One of the first kinds of questions that really interested me was the universality of values. How is it that people from very different moral communities can talk to each other, develop shared values, and have ways of life that are consistent and compatible, even though they have very different worldviews? Understanding how values ​​can become universal through people working together, talking together, working together, theorizing together — that has always interested me.

In my early years at university I approached these questions from a philosophy of language perspective and thought about language communities. The first academic philosopher I had read years before was (Ludwig) Wittgenstein, so that sent me down a certain path. I was mainly interested in questions of philosophy of language, but with a very normative slant.

Then in 2003, the US declared war on Iraq. I discovered that I simply did not have the theoretical framework to understand how our leadership in the US could do something so unwise and immoral; unwise because it seemed clearly destined to lead the world down a path of more war and endless conflict — which it did — and immoral for the obvious reasons. So I simply did not find much that could help me resolve this confusion that I had about the war. I was very much against it and got involved in anti-war activism and started going to protests, and soon I was organizing protests. I went from being someone who had only been to one or two political protests before the invasion to being an organizer.

When I went to anti-war protests and got involved in that movement, I met socialists and started talking to them. I was very interested in what they had to say about the role of class, about the role of power, and about materialism. They talked about materialism in a way that no one had talked about in my philosophy classes. In seminars, materialism was mostly an abstract metaphysical argument about the fundamental metaphysical stuff of the universe, which is very interesting. But what interested socialists was historical materialism. They talked about how people in capitalist society tend to have idealistic worldviews and tend to think that the ideas in our heads play the most important role in determining reality; they tend to think, in various ways, that abstract concepts are a driving force of reality. I came to the conclusion that what plays the most important role in shaping these things is the set of material forces, and how people interact with their world to provide for their basic needs.
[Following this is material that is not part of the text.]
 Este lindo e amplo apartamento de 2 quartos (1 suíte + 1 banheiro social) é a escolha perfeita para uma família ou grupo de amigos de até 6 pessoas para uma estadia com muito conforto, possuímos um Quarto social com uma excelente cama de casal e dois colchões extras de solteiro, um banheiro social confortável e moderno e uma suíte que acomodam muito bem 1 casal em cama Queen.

Once that was explained to me, I began to see the idealistic nature of so much mainstream discourse. When it comes to war, the ruling class, the bourgeoisie, the capitalists, all their interests are very different from mine, so there is no reason for me to identify my interests with theirs or, more importantly, vice versa. I had already moved away from the philosophy of language and was working in this area called metaethics. Metaethics is concerned with the question of what we are trying to do when we ask ethical questions. Do we want to discover abstract, eternal, universal, mind-independent, human-independent facts that are sort of “out there” about morality? Or are we socially constructing and constituting for ourselves what is moral or immoral when we engage in ethical inquiry and ethical practice?
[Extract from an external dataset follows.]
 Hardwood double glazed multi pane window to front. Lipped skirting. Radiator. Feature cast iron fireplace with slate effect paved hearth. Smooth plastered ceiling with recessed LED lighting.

I took the more normative side of these debates and asked the socialists I spoke to, “What does Marxism say about ethics?” And they said, “Read (Leon) Trotsky’s Their morals and ours.” Trotsky claims that the ruling class has their morality and we have our morality, but he left me cold because he seemed to be reproducing the same puzzle. It wasn’t enough for me to say, “Great, this is the morality that’s in my interest, and this is the morality in yours, and let’s just fight it out,” even though that’s ultimately what people have to do politically. I had to reconcile those two things, so I switched gears and decided to write my dissertation on Marx and ethics.